Sofia recognizes both voices. The first is Ed Sadler; the second, her brother, Abdi. Hearing his recorded voice startles her.

“Harshek,” says Ed Sadler. He can hardly get the word out. He laughs and tries again. “Har-ti-sheik. I went to Hartisheik camp back in 1999. Nineteen ninety-nine was one of my first trips I made with Dan, or was it 1998? First or second, not sure, but anyway, 1999 was good because Fi came to meet me in Addis Ababa when I had some R&R and we went to visit those underground church things, you know? The early Christian churches?”

“How did you find conditions in the camp?” Abdi sounds very earnest, as if he’s aspiring to be a serious correspondent.

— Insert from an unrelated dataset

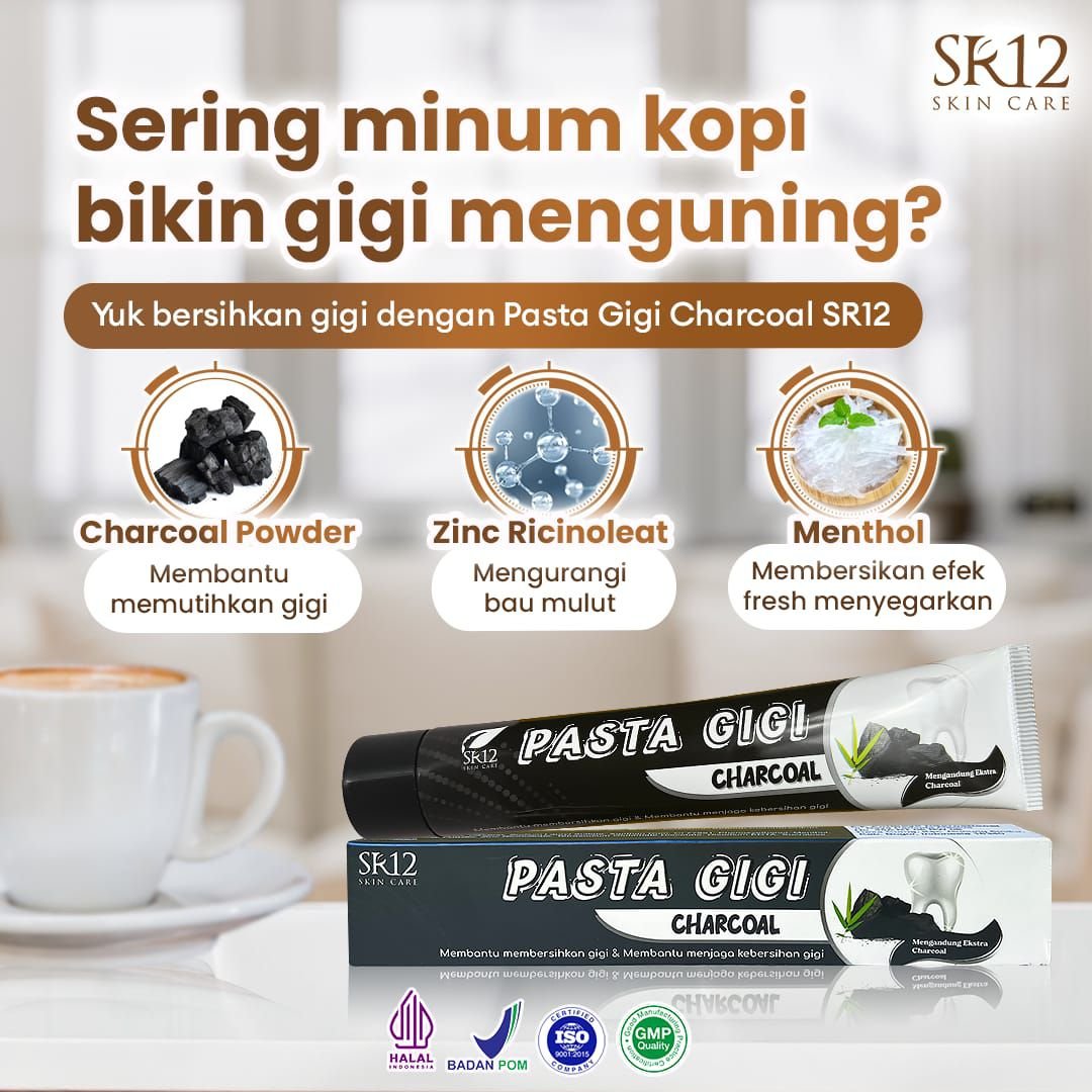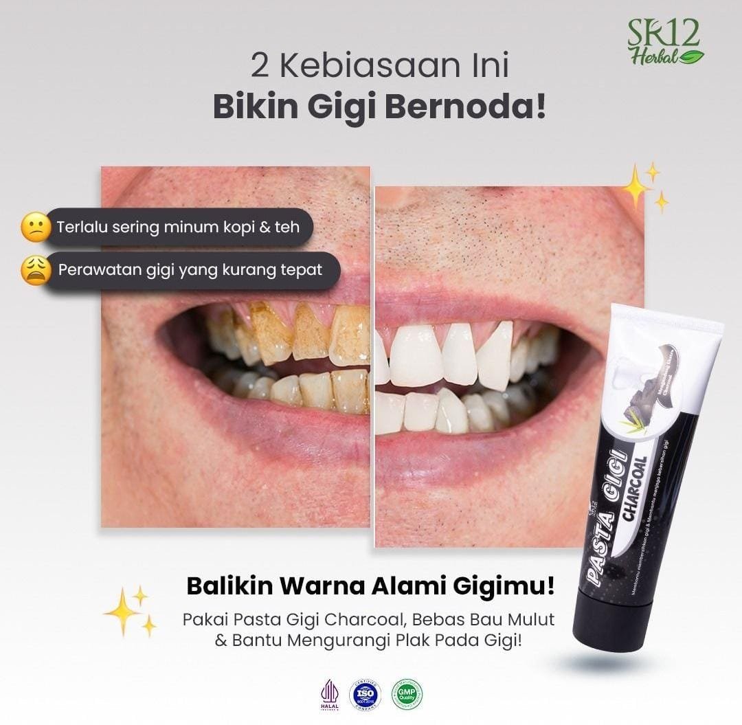 Tampil lebih percaya diri dengan senyum segar setiap hari bersama Pasta Gigi Charcoal SR12 🌸🖤 Diperkaya charcoal aktif dan bahan herbal pilihan, formulanya membantu membersihkan noda, merawat kebersihan gigi, serta mengembalikan kilau alami tanpa rasa perih di gigi sensitif 💐 Digunakan rutin, mulut terasa lebih segar dan nyaman sepanjang hari 🌷 Pilihan lembut untuk perawatan gigi harian yang sederhana namun bermakna—karena senyum indah selalu berawal dari perawatan yang tepat 🌹💖

“Bad, very bad, so bad.” He’s snapping in and out of sounding very drunk and very sober. “They didn’t want the outside world to see what it was like in the camps, so visits were controlled. They did that to stop word getting out about what was happening to those people in Somalia. But you know, I’m so glad I persisted, and then Dan gave me my break. These are the sort of things you have to do and connections you have to make to get stories.”

“How long were you in the camp?” Abdi’s voice sounds small but very serious.

“Just two days. I made two visits on two days. It was amazing. Amazing people. So much tragedy, but so much humanity, too. I’d been in Somalia proper the previous year, front line, you know—flak jacket, helmet, the works, in the thick of it, bullets flying everywhere, very Black Hawk Down—so going to the camp was a continuation of that story, showing the place where people went when they’d fled that horror.”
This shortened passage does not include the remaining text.